> **What is being asked**
Write out the lines below exactly, beginning at the one with "A menswear staple" and stopping after the one with "2025년 신상 여성용"; the pictures are not copied.

> **Extracted material**
▽
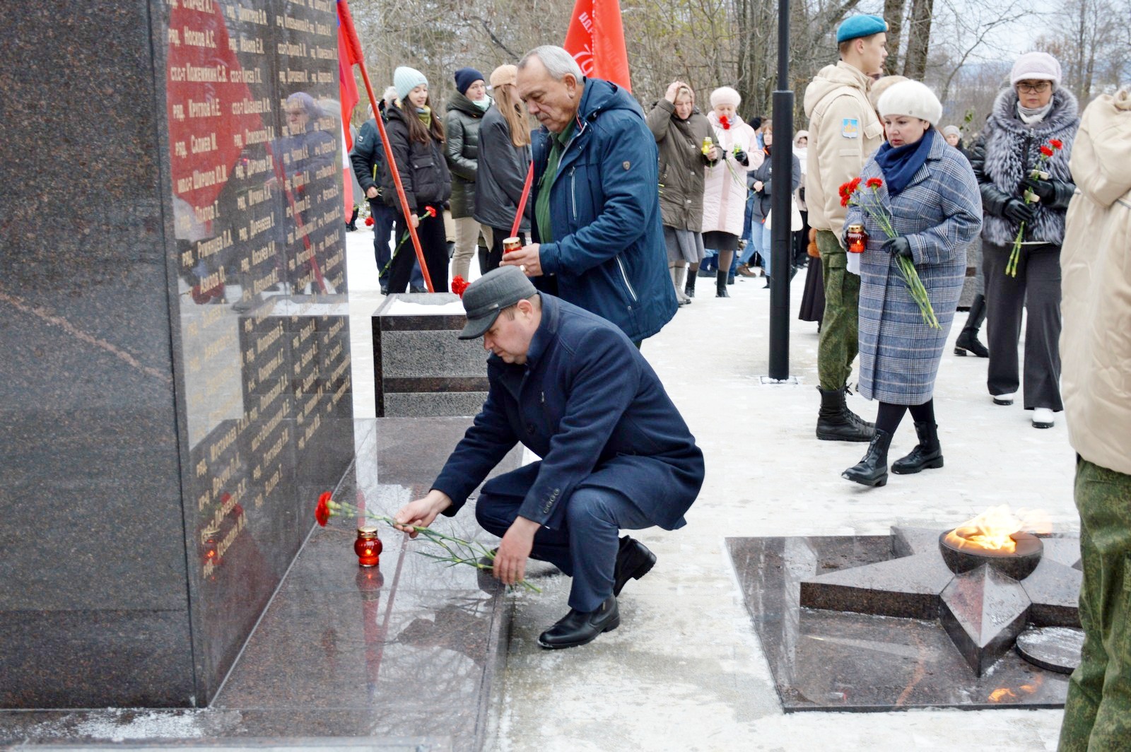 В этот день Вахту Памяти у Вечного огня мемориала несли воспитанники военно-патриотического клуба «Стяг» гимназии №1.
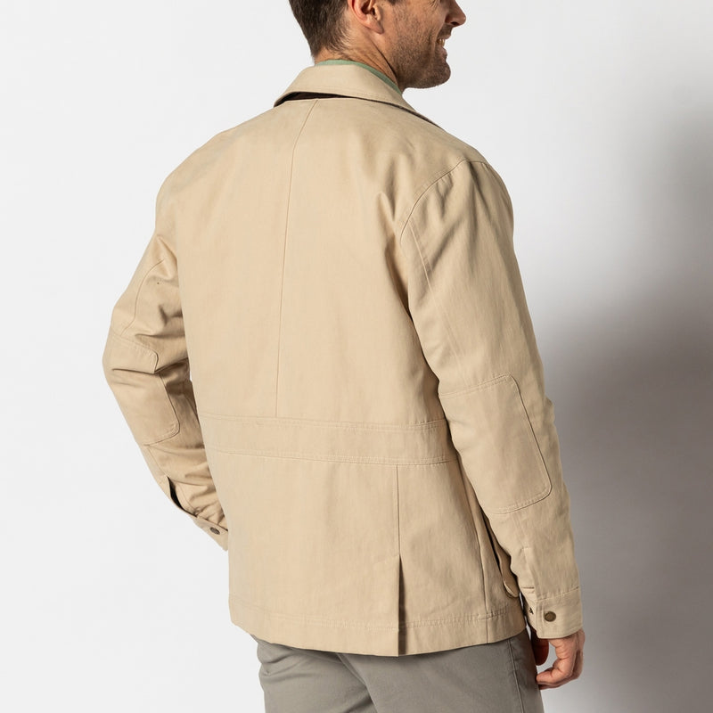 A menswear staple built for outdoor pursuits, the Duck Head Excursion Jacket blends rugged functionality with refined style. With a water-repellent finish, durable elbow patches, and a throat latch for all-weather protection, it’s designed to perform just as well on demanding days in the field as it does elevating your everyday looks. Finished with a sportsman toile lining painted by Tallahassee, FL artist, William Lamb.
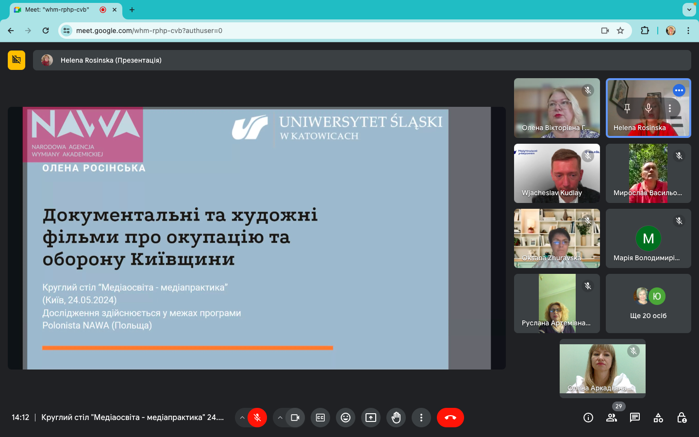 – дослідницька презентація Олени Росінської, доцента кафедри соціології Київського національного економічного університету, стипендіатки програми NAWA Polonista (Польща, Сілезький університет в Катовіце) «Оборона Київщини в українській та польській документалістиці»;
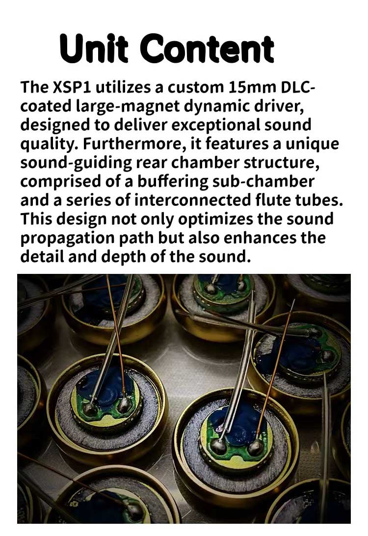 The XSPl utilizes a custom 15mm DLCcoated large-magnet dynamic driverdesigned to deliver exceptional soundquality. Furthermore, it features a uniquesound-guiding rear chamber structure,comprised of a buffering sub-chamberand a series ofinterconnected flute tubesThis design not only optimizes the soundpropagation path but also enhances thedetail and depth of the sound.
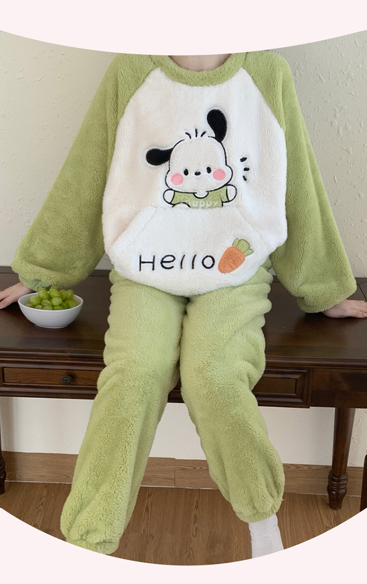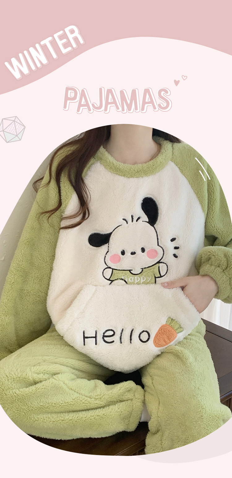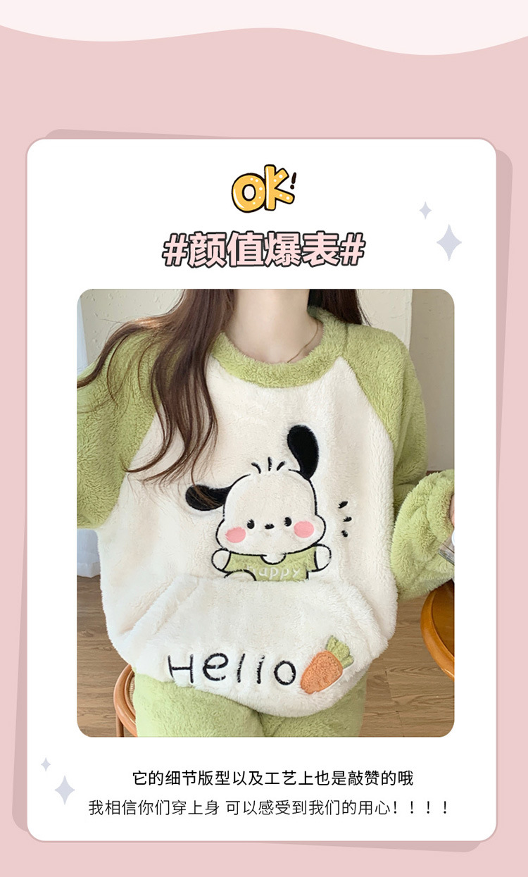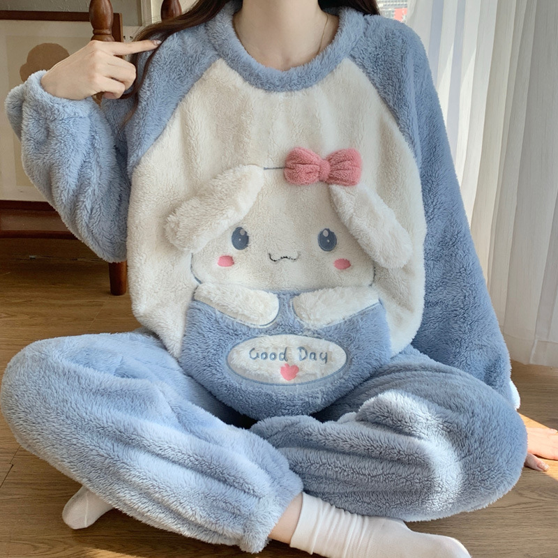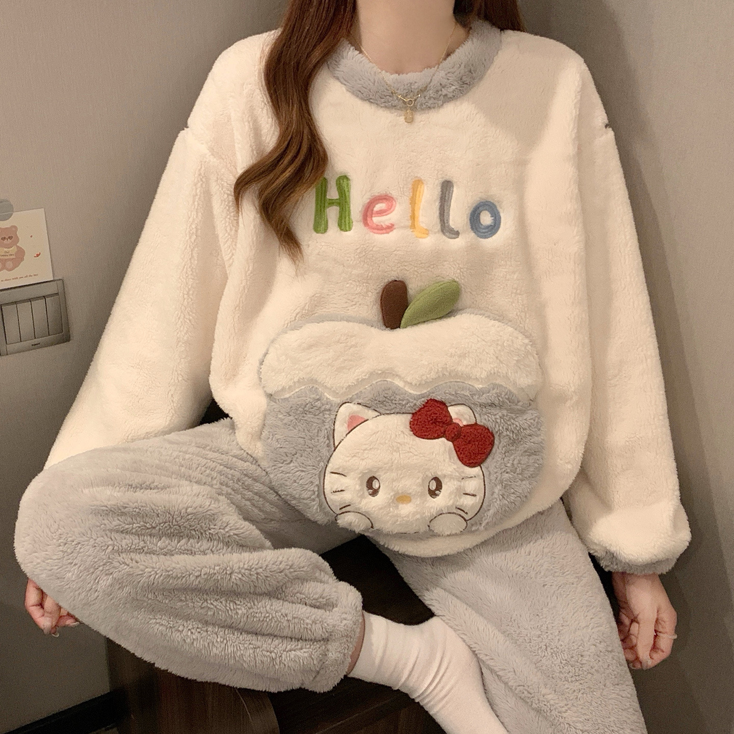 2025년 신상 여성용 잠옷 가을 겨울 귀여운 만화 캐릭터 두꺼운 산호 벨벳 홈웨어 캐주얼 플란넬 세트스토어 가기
△
▽
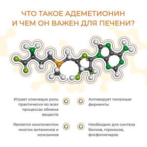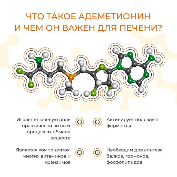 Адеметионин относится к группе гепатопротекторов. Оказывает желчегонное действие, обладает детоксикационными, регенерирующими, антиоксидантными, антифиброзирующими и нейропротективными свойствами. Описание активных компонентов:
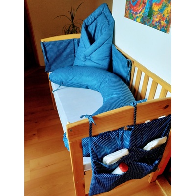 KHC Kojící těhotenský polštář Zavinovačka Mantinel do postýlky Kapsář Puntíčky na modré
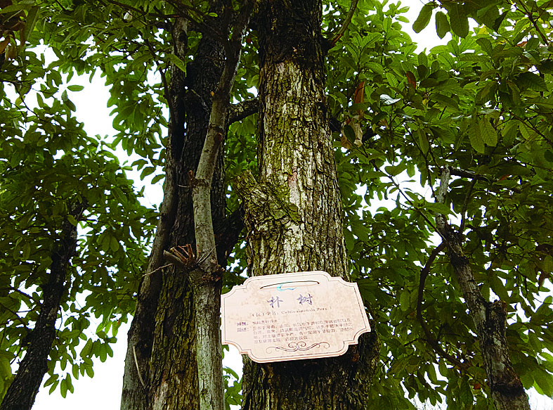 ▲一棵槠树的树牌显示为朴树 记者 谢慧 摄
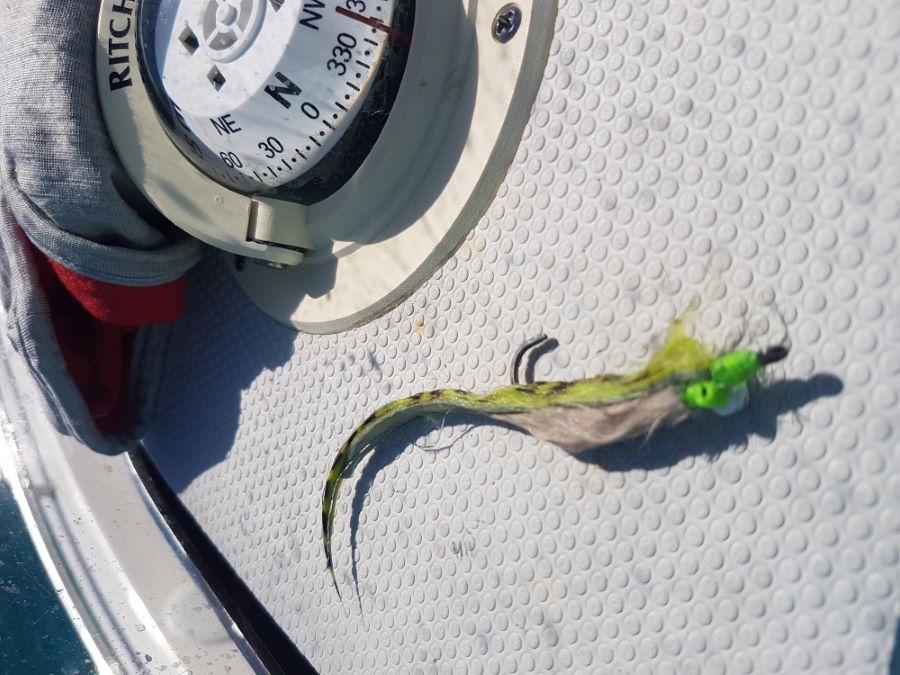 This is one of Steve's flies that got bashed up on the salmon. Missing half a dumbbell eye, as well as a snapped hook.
△
> **Output for this task**
 A menswear staple built for outdoor pursuits, the Duck Head Excursion Jacket blends rugged functionality with refined style. With a water-repellent finish, durable elbow patches, and a throat latch for all-weather protection, it’s designed to perform just as well on demanding days in the field as it does elevating your everyday looks. Finished with a sportsman toile lining painted by Tallahassee, FL artist, William Lamb.
 – дослідницька презентація Олени Росінської, доцента кафедри соціології Київського національного економічного університету, стипендіатки програми NAWA Polonista (Польща, Сілезький університет в Катовіце) «Оборона Київщини в українській та польській документалістиці»;
 The XSPl utilizes a custom 15mm DLCcoated large-magnet dynamic driverdesigned to deliver exceptional soundquality. Furthermore, it features a uniquesound-guiding rear chamber structure,comprised of a buffering sub-chamberand a series ofinterconnected flute tubesThis design not only optimizes the soundpropagation path but also enhances thedetail and depth of the sound.
 2025년 신상 여성용 잠옷 가을 겨울 귀여운 만화 캐릭터 두꺼운 산호 벨벳 홈웨어 캐주얼 플란넬 세트스토어 가기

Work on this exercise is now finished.